Sunday, September 25, 2005

Life is Like a Set of Two Way Radios...

If the people holding them are not tuned to the same channel, things can get a bit fuzzy...

That's my new quote.... DON'T TRY STEALIN IT.. shit is copyright.. Anyway it sort of describes pieces of my life right now. Not everything makes sense or maybe I'm just having a hard time hearing.

Friday was a compact kind of day... my last before my boss comes back and all hell breaks loose. There were some interesting specimen visiting that proved to be quite a distration. Marj applauded me on my growing ability to coordinate clothes with accessories. After work I went to see


This is one of the best latino comedic performances to hit Broadway, right up there with John Leguizamo. After shoving comida latina down our throats, Anthony, Pablo, Mari and I ran downtown to see this show on 44th Street. Of course we were the typical latinos showing up five minutes into the show, and although we had front Mez seats, it was the late comers in orchestra that got ragged on by the first performer (and show writer) Rick Najera, for being on Latino time instead of professional NYer time. Jokes were cracked on everyone from here to Argentina. And when the ghetto as hell Ms. Puerto Rican Day Parade waltzed on stage with her "I'mma get you bitch" attitude I had to admit I knew too many girls just like that. I laughed so hard I think I scared the non-spanish speaking girl beside me. Although the show is mainly done in English there are times where the performers rattle off in Spanish tongue and I'm amazed to realize that I finally get some of it. (Only took me 24 years).

After the show I was beat, as was Anthony so we headed home and I caught some zz's before my photo shoot the next morning. So much for beauty sleep.. I was up at 8am, shoot wasn't until 11. Got stuck in traffic on my way to Jersey, I swear that place is one big U-Turn! Ely joined me for the shoot, played the part of photo assistant for the day - new career? Well she was damn good at it, but she needs to be in front of the camera with me. The shoot went for THREE HOURS. I felt like it was one of the best... so where are the pics, Elle? Well ya see, THAT'S the funny part. It turns out Nathan's (photographer)computer bombed and may have wiped out 60% of the pics and all that may be left are the overly sexy ones. Overly sexy ones? Here's the thing.. I wanted new headshots.. and those were taken in the earlier part of the session.
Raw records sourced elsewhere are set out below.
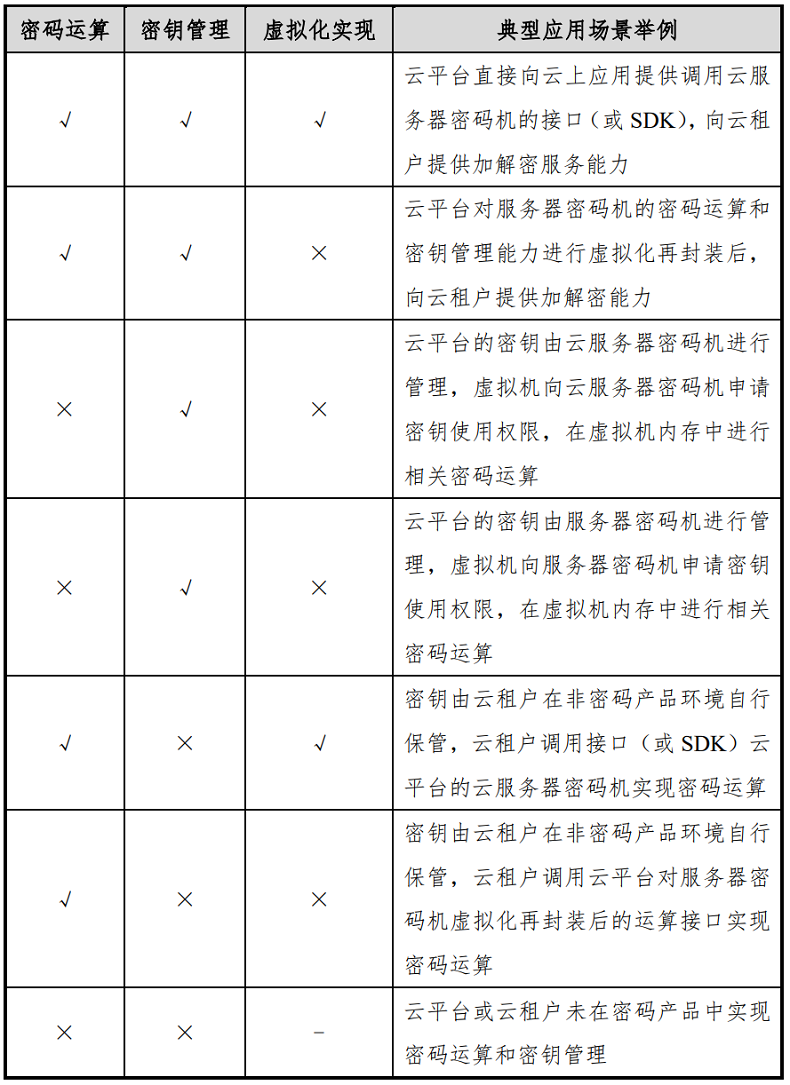 1)直接由密码产品提供密码服务支撑,如IaaS云平台直接调用云服务器密码机或物理VPN向云上应用提供密码服务;
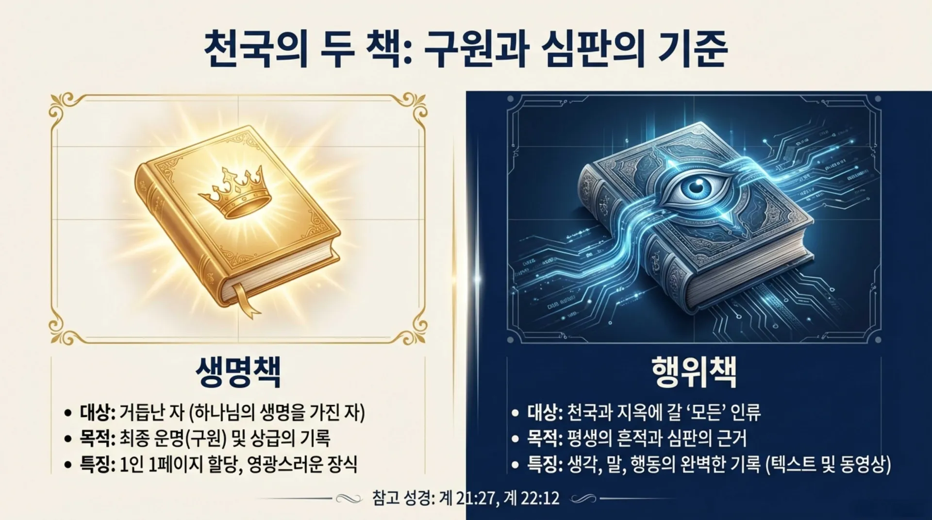 1. 천국에 있는 생명책과 행위책은 무슨 책인가?
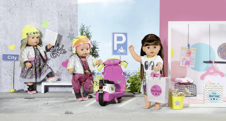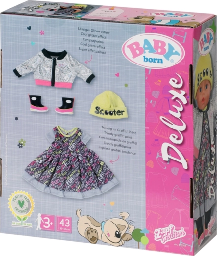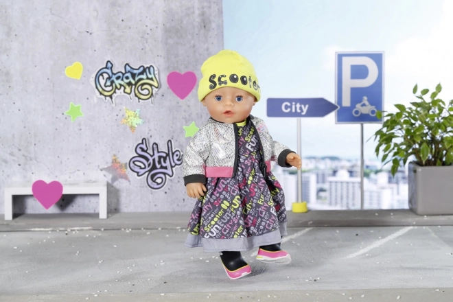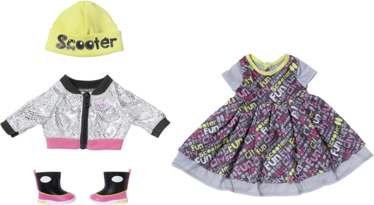 Takket være de lagdelte kjoler og den gule hue ser BABY born-dukken meget elegant ud i de travle bygader. Som beskyttelse mod vinden bærer hun en jakke med skinnende sølvprint. De seje sko sprudler af farver og fuldender looket. • Maxi-kjole i rockstil med print. • Moderne jakke med spejleffekt. • Hue i neonfarver med teksten “Scooter”. • Farvekoordinerede sko fuldender sættet. • Til dukker i størrelsen 43 cm. • Kan håndvaskes i lunkent vand. Må ikke tørretumbles. • Emballage: plastfri – gaveæske med produktbilleder.
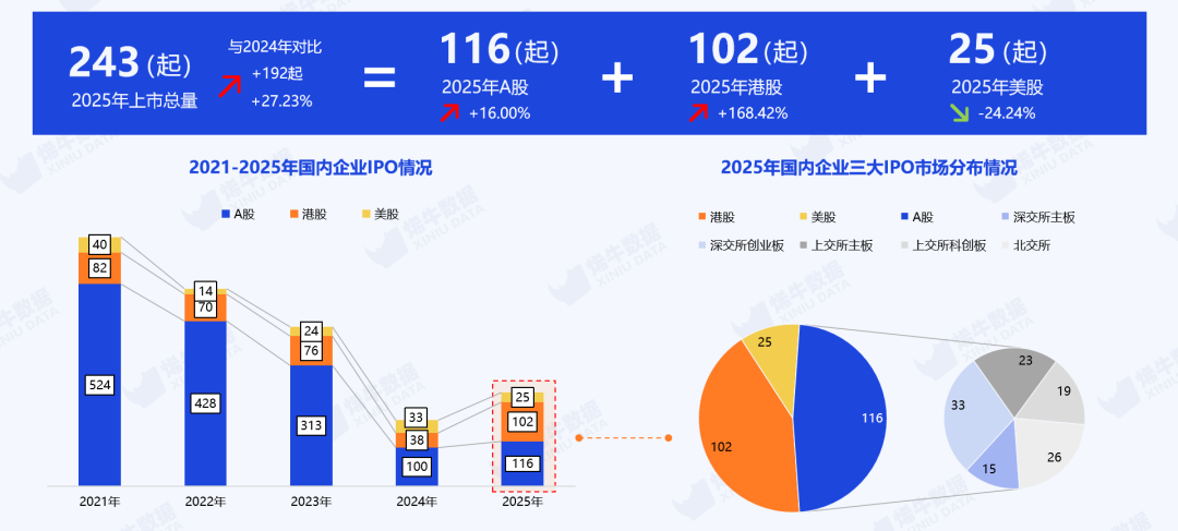 2025年,港股IPO数量达102起,同比增长168.42%,而A股全年IPO数量为116起(基数更大),同比增长12.7%,港股IPO增速表现突出,成为全年退出市场的重要亮点。
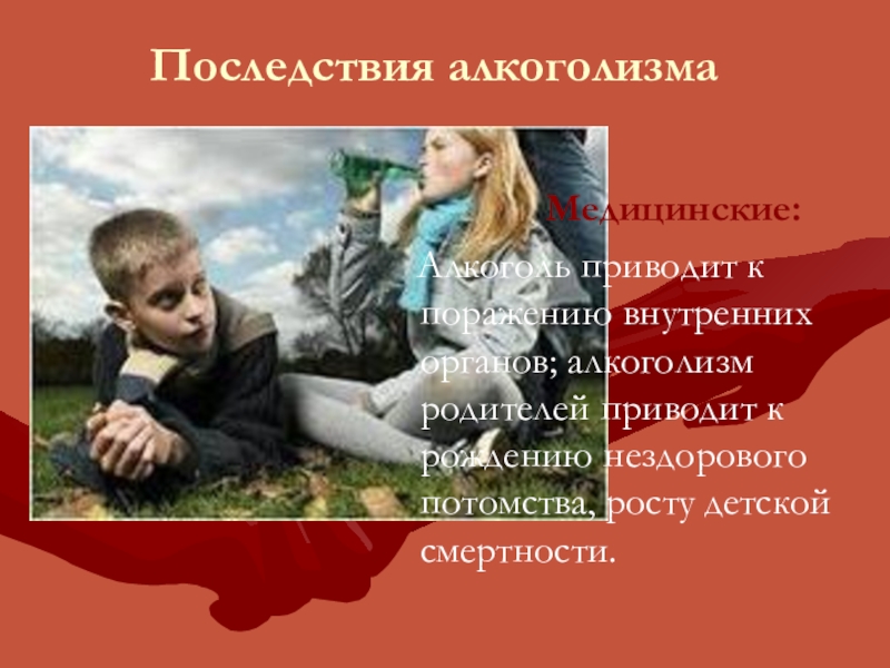 Алкоголь приводит к поражению внутренних органов; алкоголизм родителей приводит к рождению нездорового потомства, росту детской смертности.
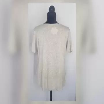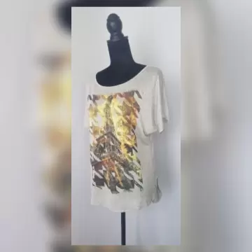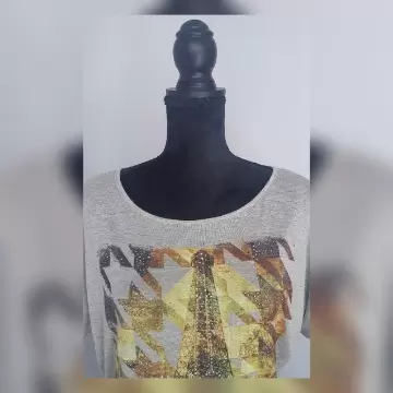 Playera cola de pato color GRIS SIBERIA c/estampado MULTICOLOR c/aplique bisutería translúcida diseño Torre Eiffel, cuello redondo, manga corta. Talla M. Dimensiones cms: 49 hombro, 60 axila, 57 zona baja, 59 largo delantero, 67 largo trasero, 17 largo manga. 100% viscosa. Para lavado en casa.
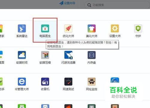接下来,系统桌面缓存文件即被自动执行完毕,非常方便哦,接下来,我们打开软件页面底端的“ 应用大全”选项,打开魔方软件中的全部应用,在应用列表中选择“ 电脑医生”选项。
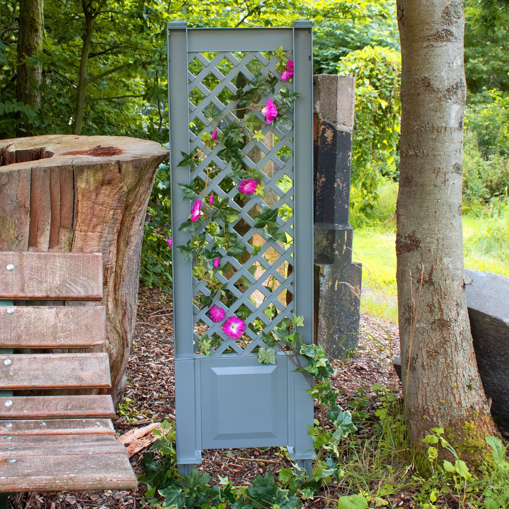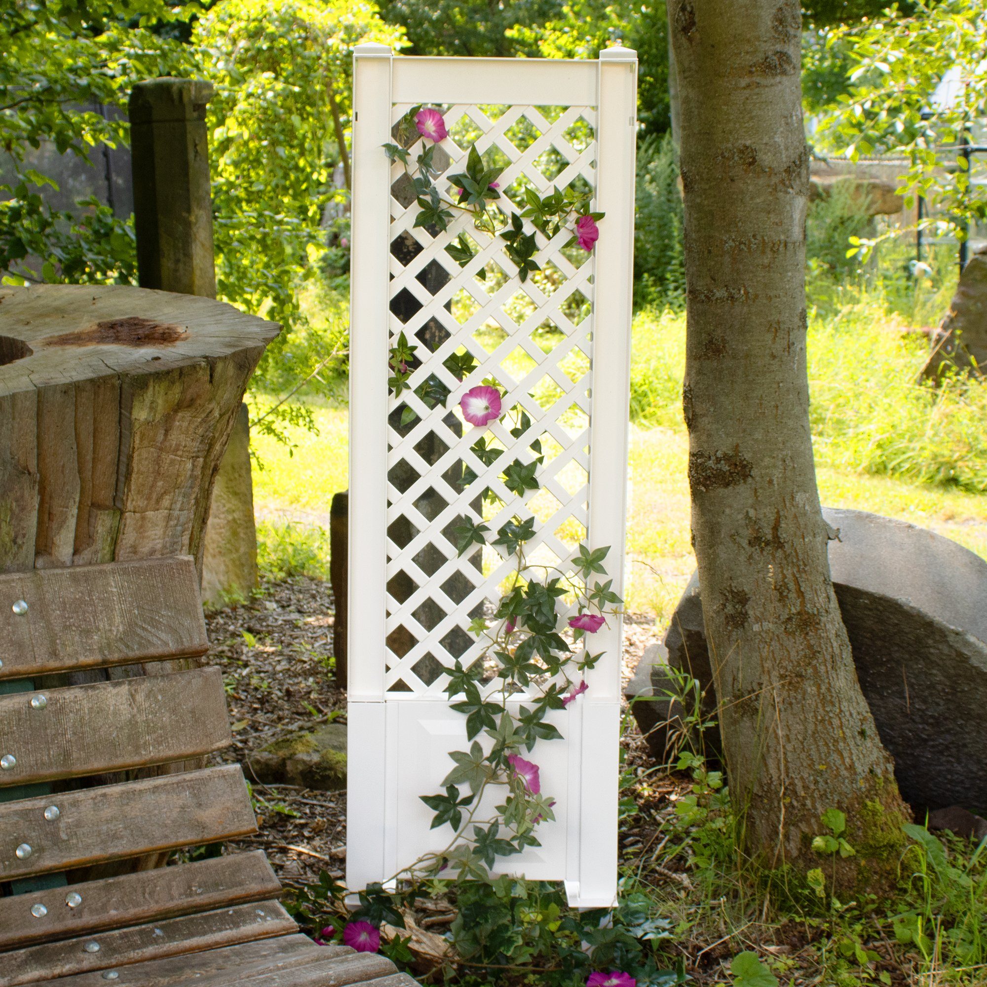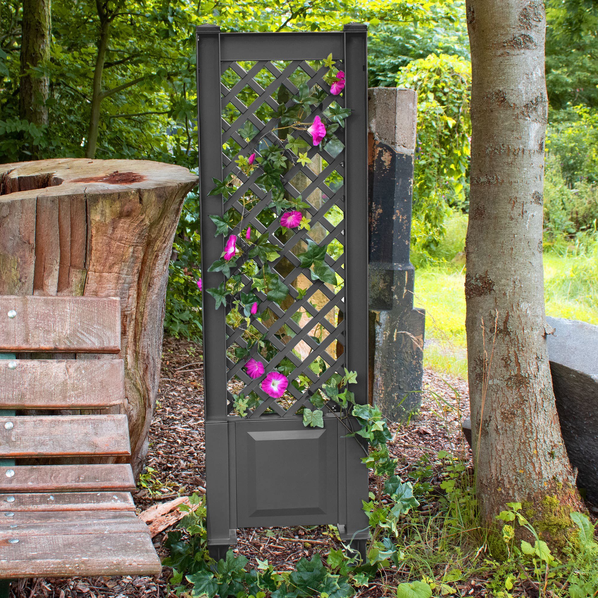 Das Spalier ist in den Farben Anthrazit, Grün, Grau und Weiß erhältlich, sodass du es perfekt an deine Gartenästhetik anpassen kannst. Du kannst beliebig viele Spaliere miteinander verbinden und so individuelle Gestaltungsmöglichkeiten schaffen. Das UV-beständige Material sorgt dafür, dass das Spalier auch bei intensiver Sonneneinstrahlung lange schön bleibt.

I wanted playful ones of me playing a guitar .. and those were in the earlier part of the session as well.. And THOSE are the ones that may be gone forever, and THOSE are the ones I would post here. As for the others.. well I've been feeling better about my body and I felt like documenting it.. so I threw on some boyshorts and got to work lol.. And of COURSE those turned out just fine. But, do I post them? Nah, don't think I feel like being that open. Eventually I'll post at least one, but bullshit AOL is giving me issues right now.. booo hooo, yea yea I know.

After a session that had me in such awkward poses I might as well have spent the day gettin my back blown out (sorry, im overly descriptive aren't I?), but it's that sore now. Ely and I went separate ways after that I and I drove east to the Promenade in Edgewater.. talk about Ritzy... this little host of shops is in the center of an apartment complex that sits on the Hudson River. I was in awe, and pretended that just for a moment I could afford to just IMAGINE living here. I ended up with boots and pants.. but I needed them I swear. Other than that I wandered around wondering how in the hell Jen wasn't there to meet me yet. Turns out she got lost in a swell of u-turns.. the irony. When we finally found each other we grabbed some din din at a spot called The Cafe.. which is really an art project made up of penises, boobs and ear lobes... or at least that's the molding you'll see on the walls. Interesting place. We chatted about radio frequencies and losing the love of your life by not being able to emit any words other than hello.. really Jen! The night didn't end there, we hooked up with the rest of the Negron ladies and went to see Flightplan. Crap. Not working talking about. After a few Amstel's and an after movie watching spot, I saw Jen's eyes getting droopy, said my goodbyes but realized I had no intentions of going home. I drove.. and drove .. ended up somewhere in north jersey, lost at one or two in the morning, I'm not even sure. It was time I needed to think about various aspects of my life.. listen to the little voices in my head and realize there's more out there for me than I'm allowing myself to see. So when do I start doing something about it?

1 Comments:

Blogger Karla said...

Damn Spammers.

Love the new quote, it is so true. Aww i am jealous i want to see that. I am glad that you enjoyed it.

LOL @ the jeresy comment. Three hours! Damn girl that is a long photo shoot.

I do that all the time as well just drive around thinking. It is a good way to clear my mind.

To answer your question, i think you will do something about it when you are ready or when you get fed up with it. At least that is what happened to me.